Стало заметно холоднее. Пока я шёл до указанного адреса, весь продрог. Вот она, обманчивая погода Питера — вроде зима, а на улице дождь, проходит час, и уже идёт снег. Только что было приемлемо тепло — и в раз поднимается ветер, и становится невыносимо холодно. На улице было темно, темнеет-то очень быстро. Но как же было темно во мне. Я уже не знаю, о чём думать. Седой и Вепрь нагоняют панику, но нужно ли быть осторожным до такой степени, что безумные мысли в голове подсказывают о развитии паранойи, или же стоит жить как до этого, размеренно, быть на чеку, но не преувеличивать зашкаливающий показатель страха и волнения.

В подворотне, в которую я входил, не горел ни один фонарь. Я проскочил арку, посмотрел на небо. На небесном покрове не было ни одной звезды, суровость городской жизни, ночь практически без видимых невооруженным взглядом звёзд. Я вошёл в парадную и поднялся на третий этаж. Дом был нежилой, его готовили к сносу, и обитали здесь только бомжи. Расписанные стены говорили о том, что здесь собираются ещё, и представители разных молодых сформировавшихся субкультур. На стенах был фарш из нацистких, наркоманских и блатных записей. На одной из стен был выведен стих Николая Гумилёва:

«Вероятно, в жизни предыдущей

Я зарезал и отца и мать,

Если в этой — Боже Присносущий! —

Так позорно осуждён страдать.»

Это было очень неожиданно. Неужели в этом сумасшедшем мире кто-то ещё увлекается поэзией? На полу валялось много бутылок, разбитых, иногда целых по форме, но все без исключения пусты по содержанию.

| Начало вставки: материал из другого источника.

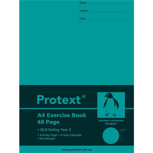 Protext Exercise Book A4 Queensland Ruled Year 2 48 Page Penguin

Этажом ниже, когда проходил, чуть не вляпался в человеческие отходы, там вперемешку было дерьмо и рвотные массы. Шмотки какие-то рваные, старые валяются. Шприцы. Вот он, разлад в уме молодёжи. Я закурил в ожидании своего собеседника. Молча смотрел в окно, было, конечно, мало что видно, на улице не было почти освещения, но всё же я увидел фигуру человека, который точно знал, куда держит путь. К моему удивлению — это был не Иржи.

Тяжёлые шаги, поднимающиеся ко мне, очень насторожили и напрягли. Я приготовился к схватке.

Человек приближался, я начал быстро изучать местность на вопрос, как побыстрее можно будет уйти. Я открыл створку окна, их было четыре и открывались они накрест. Быстро их открыв, высунул голову из окна. «Так, если прыгать, попаду на козырёк, он, конечно, хлюпкий, но выдержать должен, а там на землю и по газам.» Тем временем мой оппонент увидел меня.

— Пришёл.

— Как видишь.

Он подошёл поближе, и я понял, кто это.

— Как тебе вчерашний выход?

— Нормально, обычное дело, — да, конечно, подумал я, до сих пор голова болит и слабость во всём теле. — А тебе как? Слеш. О чём ты хотел говорить?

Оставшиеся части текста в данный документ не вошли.